**Problem details:**
All entries below must be written out verbatim, and the images must be dropped.

-*-

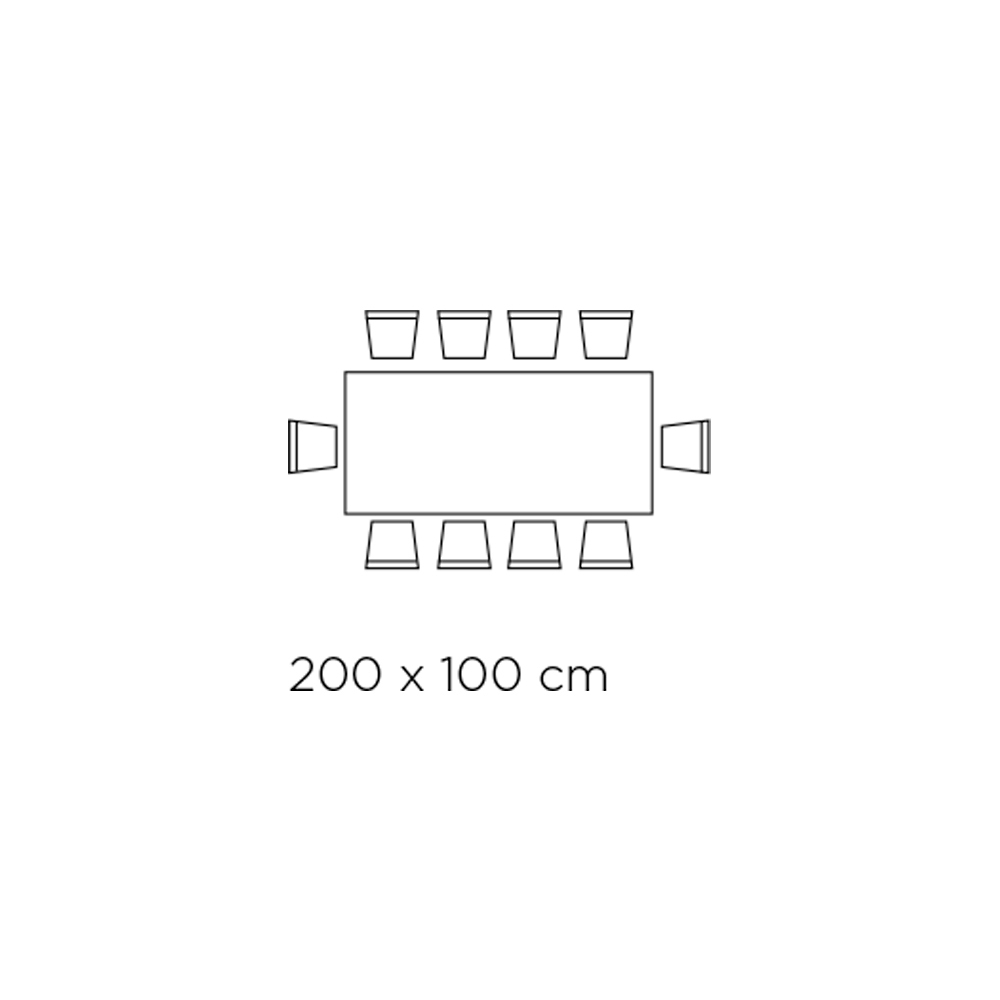 length 200 cm x depth 100 cm x height 74.2 cm (top thickness 12 mm)
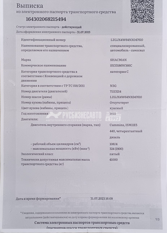 Технические характеристики Самосвал SHACMAN SX331863366 8x4 б/у (2022; 12 900 км)(7610)
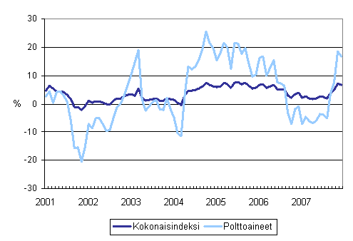 Kokonaisindeksin nousuun vaikuttivat erityisesti polttoaineiden kallistuminen, palkkojen korotukset ja korkokustannusten kasvu.
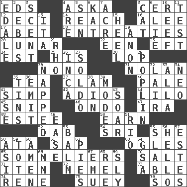 ACROSS 1. Begley and Asner 4. "____ silly question..." 8. An absolute certainty 12. Tenth: prefix 14. Arrive at 16. Toward shelter 17. Collude with 18. Pleas 20. Type of eclipse 22. Car or cant ending 23. Lizard (obsolete) 24. Eastern Standard Time (abbr.) 25. Part of HMS, perhaps 28. Chop off 30. Words to Nanette 31. Pitcher Ryan 35. Afternoon social gathering 37. Dollar (slang) 40. Light colored 41. Simple or foolish person 42. Goodbye (Sp.) 44. _ and Stitch 45. Sever or remove by pinching or nipping 46. Southwest Nigerian state 47. Retirement account (abbr.) 48. First name in cosmetics 50. Merit 52. Apply (a substance) by light strokes 54. Indian title of respect (Mr.) 55. A female animal or person 58. _ moment's notice (2 wds.) 61. Plant excrement 63. Stares 65. Wine waiters 70. Table seasoning 71. A distinct part 72. Klaipeda city 73. Competent 74. French philosopher Descartes 75. Chop _ 76. Distress signal DOWN 1. Peak District village in England 2. Alight from a bus 3. Aroma 4. "We ___ not amused" (Victoria) 5. Elected rep. 6. Krazy ___ of comics 7. Measure of real estate 8. Domesticated feline 9. Writer Wiesel 10. Coral collection 11. Trial 13. Call ___ day 15. Person who is morally reprehensible 19. Soon (poet.) 21. 17th letter of the Greek alphabet 26. South American Indian 27. Twentieth part of a lira 29. Cotton for raincoats, e.g. 30. Slept 32. Den 33. Silent film actress Nazimova 34. Modern: prefix 35. Metal containers 36. Send forth 38. The 18th letter of the Arabic alphabet 39. Methods 41. Compass dir. 43. Fly high 49. Comfort 51. _ de Janeiro 53. Lip ointment 55. Thick slices 56. Phone greeting 57. _____ Park, CO 58. SW Saudi Arabia district 59. Carry 60. So be it 62. Sliced desserts 64. Girls' org. (abbr.) 66. Madame (abbr.) 67. Australian flightless bird 68. To riddle 69. Cunning
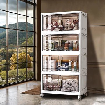 60面寬升級內崁式透明側板前開式折疊四層收納櫃-附滑輪 024443 60面寬四層-透明面板
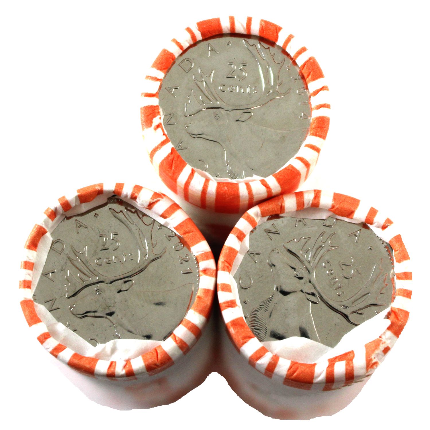 3x 25-cent 2014 Original Wrapped Roll of 40pcs. 3 Rolls.

-*-

**Worked solution:**
 length 200 cm x depth 100 cm x height 74.2 cm (top thickness 12 mm)
 Технические характеристики Самосвал SHACMAN SX331863366 8x4 б/у (2022; 12 900 км)(7610)
 Kokonaisindeksin nousuun vaikuttivat erityisesti polttoaineiden kallistuminen, palkkojen korotukset ja korkokustannusten kasvu.
 ACROSS 1. Begley and Asner 4. "____ silly question..." 8. An absolute certainty 12. Tenth: prefix 14. Arrive at 16. Toward shelter 17. Collude with 18. Pleas 20. Type of eclipse 22. Car or cant ending 23. Lizard (obsolete) 24. Eastern Standard Time (abbr.) 25. Part of HMS, perhaps 28. Chop off 30. Words to Nanette 31. Pitcher Ryan 35. Afternoon social gathering 37. Dollar (slang) 40. Light colored 41. Simple or foolish person 42. Goodbye (Sp.) 44. _ and Stitch 45. Sever or remove by pinching or nipping 46. Southwest Nigerian state 47. Retirement account (abbr.) 48. First name in cosmetics 50. Merit 52. Apply (a substance) by light strokes 54. Indian title of respect (Mr.) 55. A female animal or person 58. _ moment's notice (2 wds.) 61. Plant excrement 63. Stares 65. Wine waiters 70. Table seasoning 71. A distinct part 72. Klaipeda city 73. Competent 74. French philosopher Descartes 75. Chop _ 76. Distress signal DOWN 1. Peak District village in England 2. Alight from a bus 3. Aroma 4. "We ___ not amused" (Victoria) 5. Elected rep. 6. Krazy ___ of comics 7. Measure of real estate 8. Domesticated feline 9. Writer Wiesel 10. Coral collection 11. Trial 13. Call ___ day 15. Person who is morally reprehensible 19. Soon (poet.) 21. 17th letter of the Greek alphabet 26. South American Indian 27. Twentieth part of a lira 29. Cotton for raincoats, e.g. 30. Slept 32. Den 33. Silent film actress Nazimova 34. Modern: prefix 35. Metal containers 36. Send forth 38. The 18th letter of the Arabic alphabet 39. Methods 41. Compass dir. 43. Fly high 49. Comfort 51. _ de Janeiro 53. Lip ointment 55. Thick slices 56. Phone greeting 57. _____ Park, CO 58. SW Saudi Arabia district 59. Carry 60. So be it 62. Sliced desserts 64. Girls' org. (abbr.) 66. Madame (abbr.) 67. Australian flightless bird 68. To riddle 69. Cunning
 60面寬升級內崁式透明側板前開式折疊四層收納櫃-附滑輪 024443 60面寬四層-透明面板
 3x 25-cent 2014 Original Wrapped Roll of 40pcs. 3 Rolls.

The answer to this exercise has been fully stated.